WQHDは2560x1440の解像度で、27インチモニターとの組み合わせが画素密度の面で最適です(約109ppi)。フルHDの約1.8倍の画素数で、テキストのギザギザが消え、ゲーム内の遠景ディテールが見えるようになります。24.5インチにWQHDは文字が小さすぎ、32インチでは画素密度が下がりすぎるため、27インチが理想的なサイズです。
応答速度と残像低減

WQHDモニターの応答速度はパネルによって大きく異なります。IPS 1ms(27GP850-B、MAG 274QRF QD)はゲームと作業の兼用に十分な応答速度です。Fast IPS 0.5ms(XB273U F)はIPSの中で最速クラスです。OLED 0.03ms(PG27AQDM、AW2725DF)はFPS競技でも残像がまったく見えないレベルです。

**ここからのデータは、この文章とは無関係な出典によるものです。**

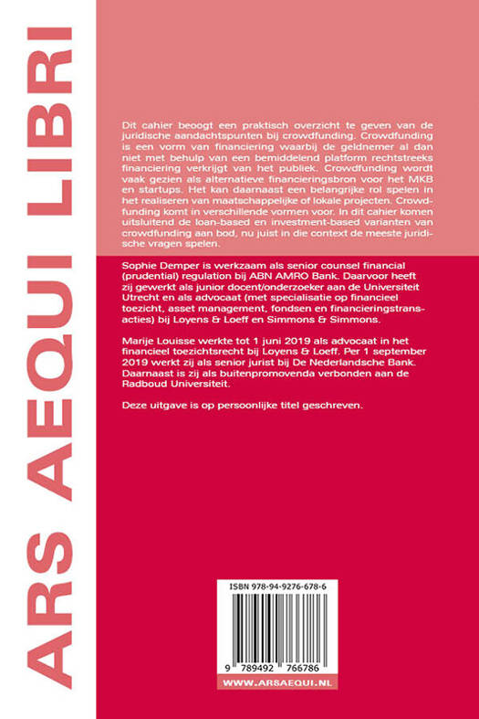 Dit cahier beoogt een praktisch overzicht te geven van de juridische aandachtspunten bij crowdfunding. Crowdfunding is een vorm van financiering waarbij de geldnemer al dan niet met behulp van een bemiddelend platform rechtstreeks financiering verkrijgt van het publiek. Crowdfunding wordt vaak gezien als alternatieve financieringsbron voor het MKB en startups. Het kan daarnaast een belangrijke rol spelen in het realiseren van maatschappelijke of lokale projecten. Crowdfunding komt in verschillende vormen voor. In dit cahier komen uitsluitend de loan-based en investment-based varianten van crowdfunding aan bod, nu juist in die context de meeste juridische vragen spelen.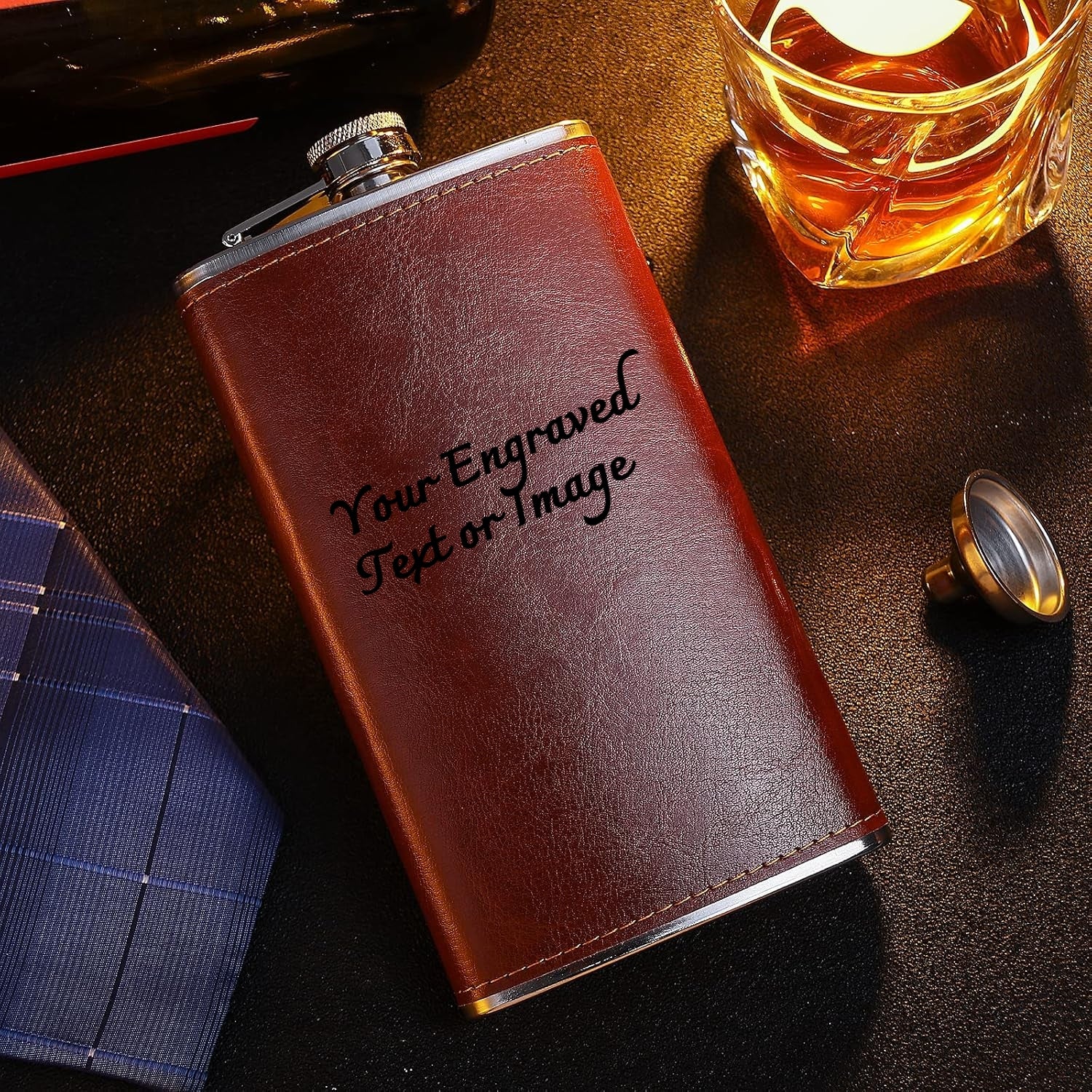 Personalized Engraved Leather Flask – Custom Gift for Groomsmen, Weddings, Birthdays & More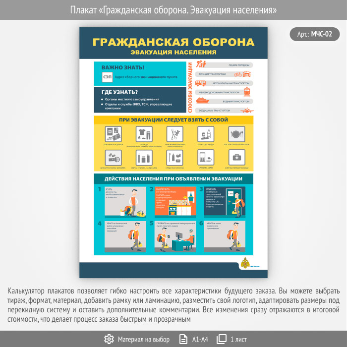 Плакат «Гражданская оборона. Эвакуация населения» (МЧС-02, 1 лист) в Альметьевске купить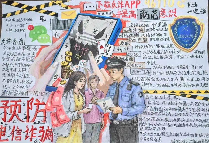 为进一步提升学生防诈意识和识骗能力,筑牢校园安全防线,营造“人人懂反诈、人人会防诈”的安全氛围,厚德书院于10月28日开展“防范电信诈骗”防诈骗创意手抄报活动。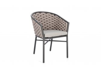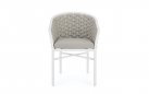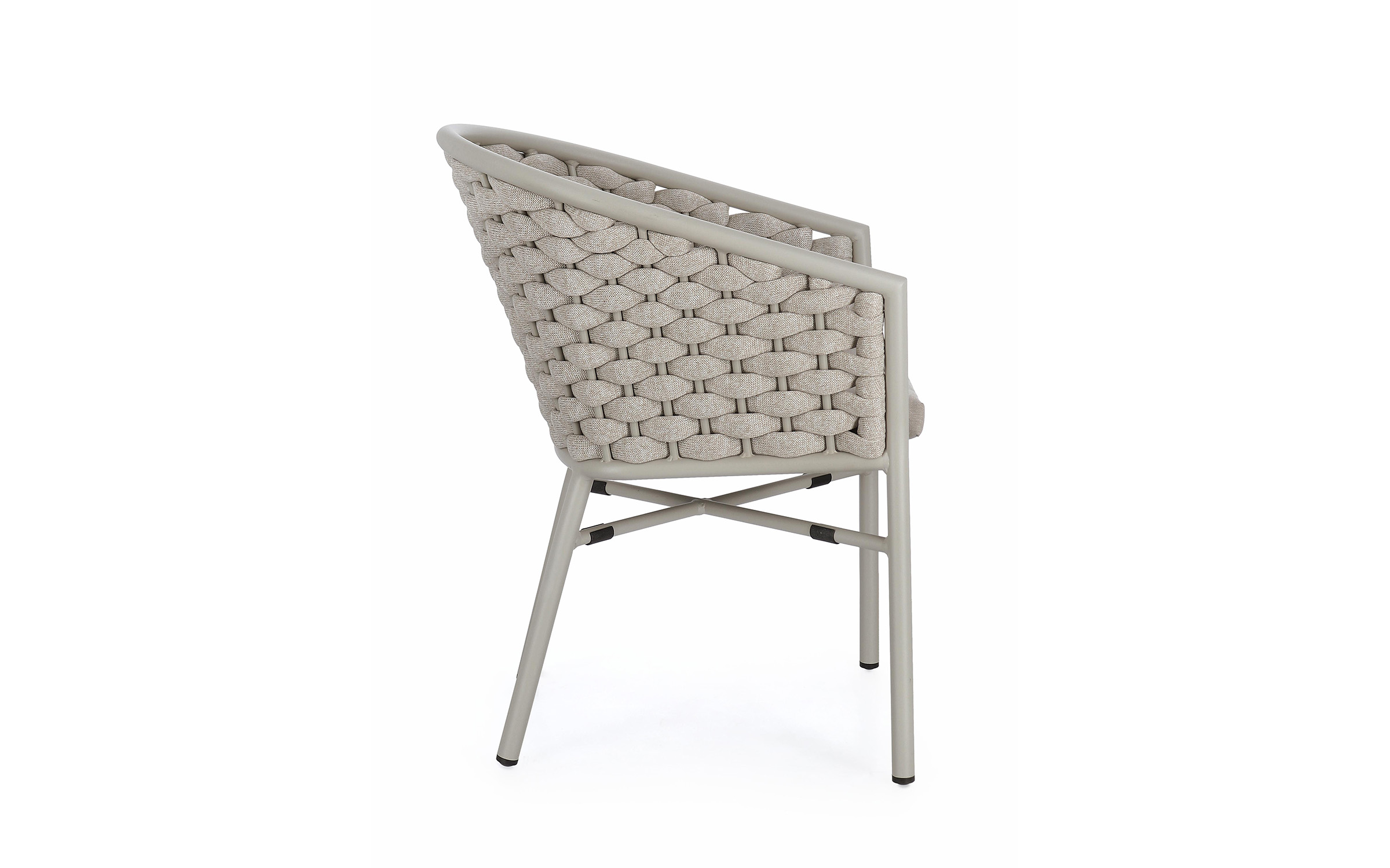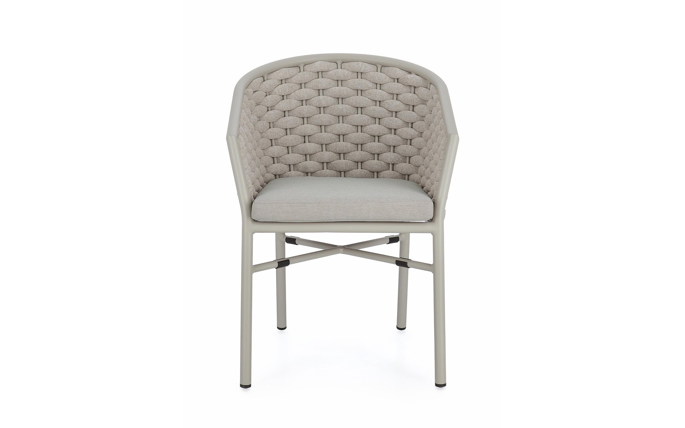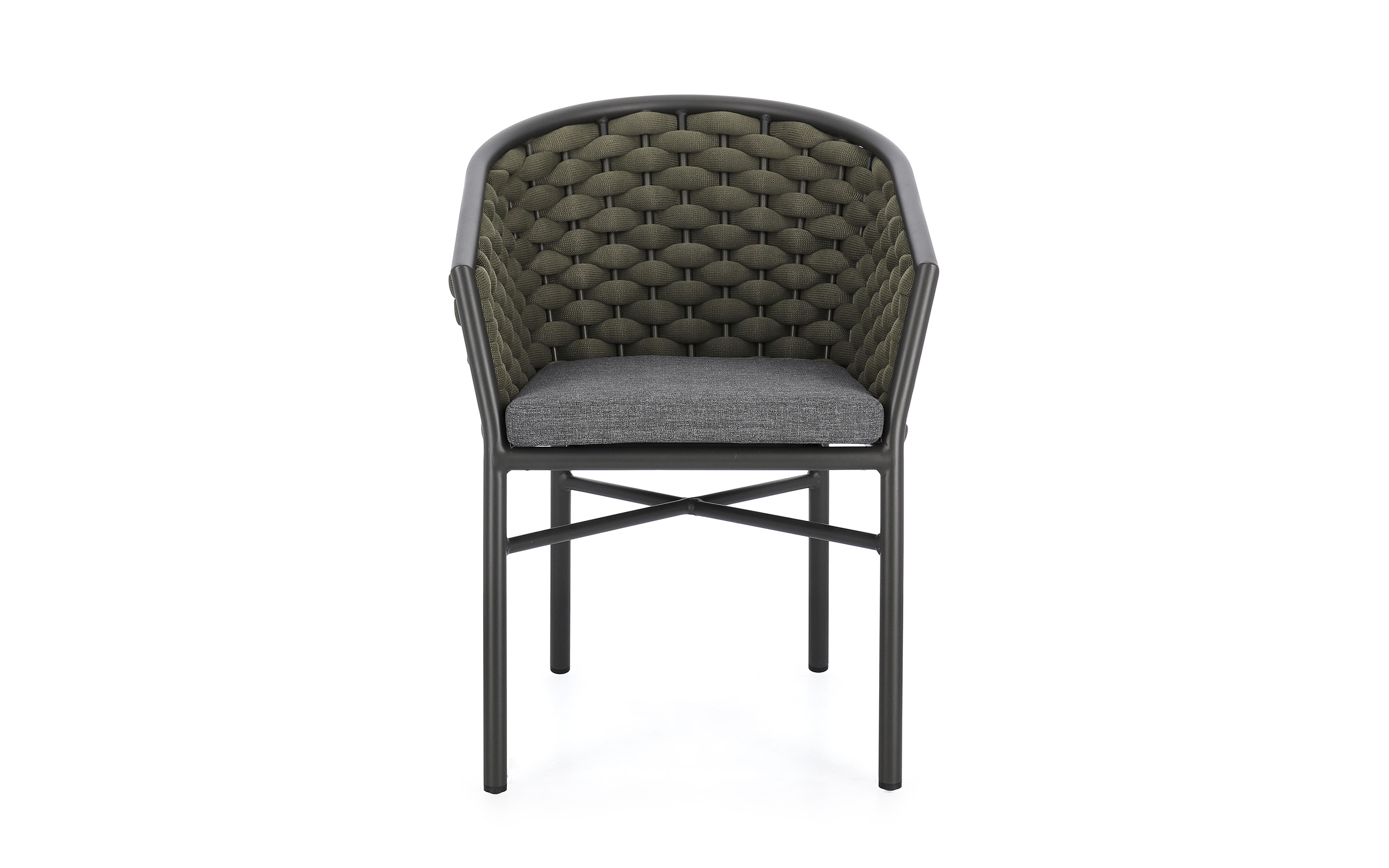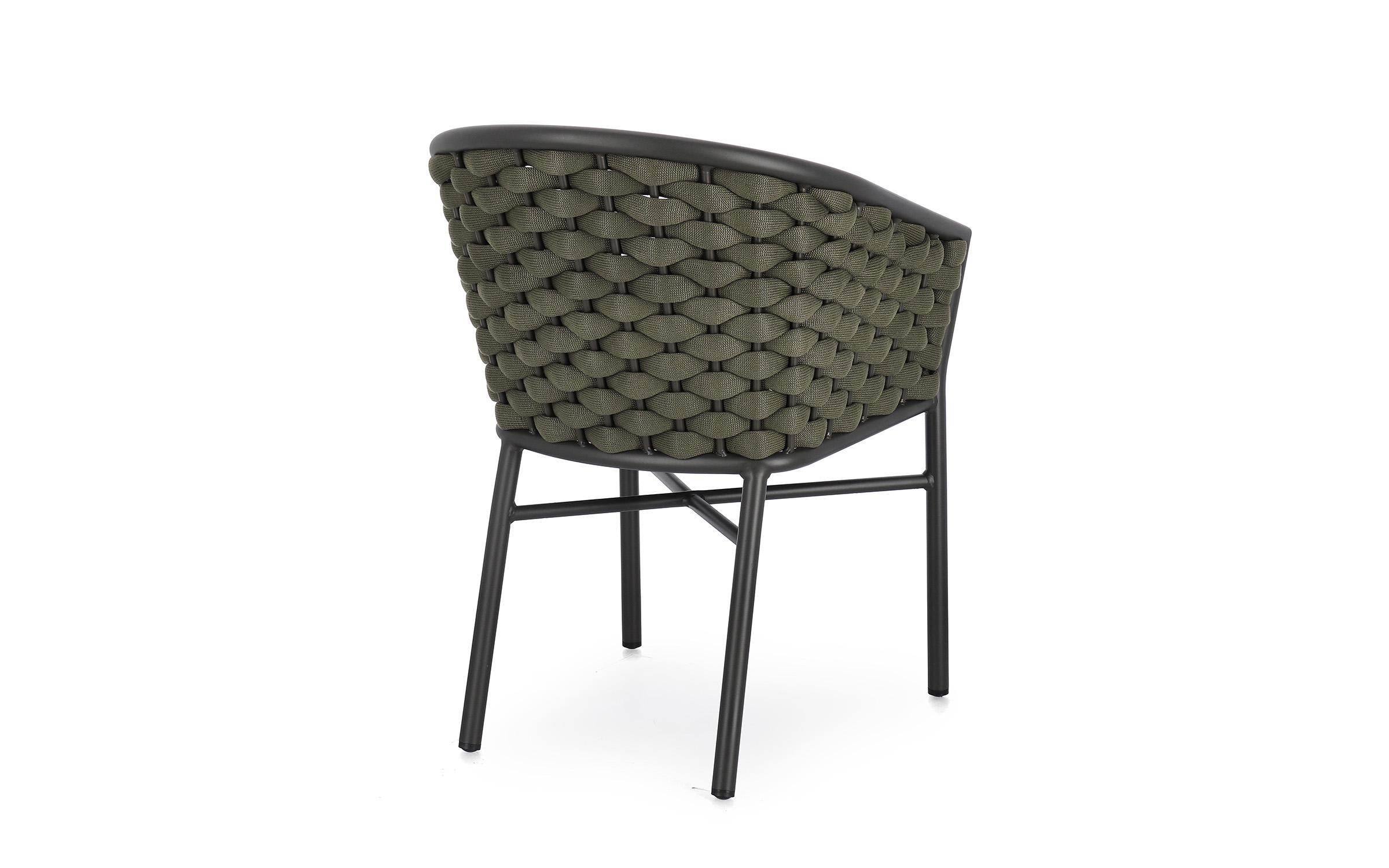 Aluminiowe krzesło ogrodowe o stabilnej konstrukcji z aluminium. Pełne opływowe oparcie z wplecionymi wypukłymi splotami materiału (rękaw z materiału Olefin z wkładem polietylenowym), które dodają mu nowoczesności.

WQHD(2560x1440)はフルHDの約1.8倍のピクセル数で、27インチモニターとの相性が最も良い解像度です。フルHDの27インチではピクセル密度が低くドット感が目立ちますが、WQHDならppiが109となり文字やテクスチャが明瞭に表示されます。GPU負荷はフルHDの約1.8倍で4Kの半分程度なので、RTX 4060〜4070クラスのGPUで高フレームレートを維持でき、画質と性能のバランスが最も取りやすい解像度です。
ステップ2: WQHDの候補モデルを知る
価格帯別の選択肢
WQHDモニターは3万円台から10万円台まで幅があります。入門のLG 27GN800-B(144Hz IPS 3万円台)からNano IPS(27GP850-B 4万円台)、Rapid IPS(MAG 274QRF QD 4万円台)、IPS 360Hz(PG27AQN 10万円台)、QD-OLED 360Hz(AW2725DF 10万円台)まで段階的に選べます。
各モデルの位置づけ
ASUS ROG Swift PG27AQN、Dell Alienware AW2725DF、BenQ MOBIUZ EX270QMはそれぞれ異なるポジションにあり、用途が決まれば候補は2〜3機種に絞れます。パネル技術、リフレッシュレート、価格帯の3軸で比較すると効率的です。FPS競技重視なら応答速度を最優先、映像美重視ならOLEDか広色域IPSを優先、コスパ重視なら144Hz以上のIPSに絞ると迷いにくくなります。当サイトの商品DBで横並び比較するのもおすすめです。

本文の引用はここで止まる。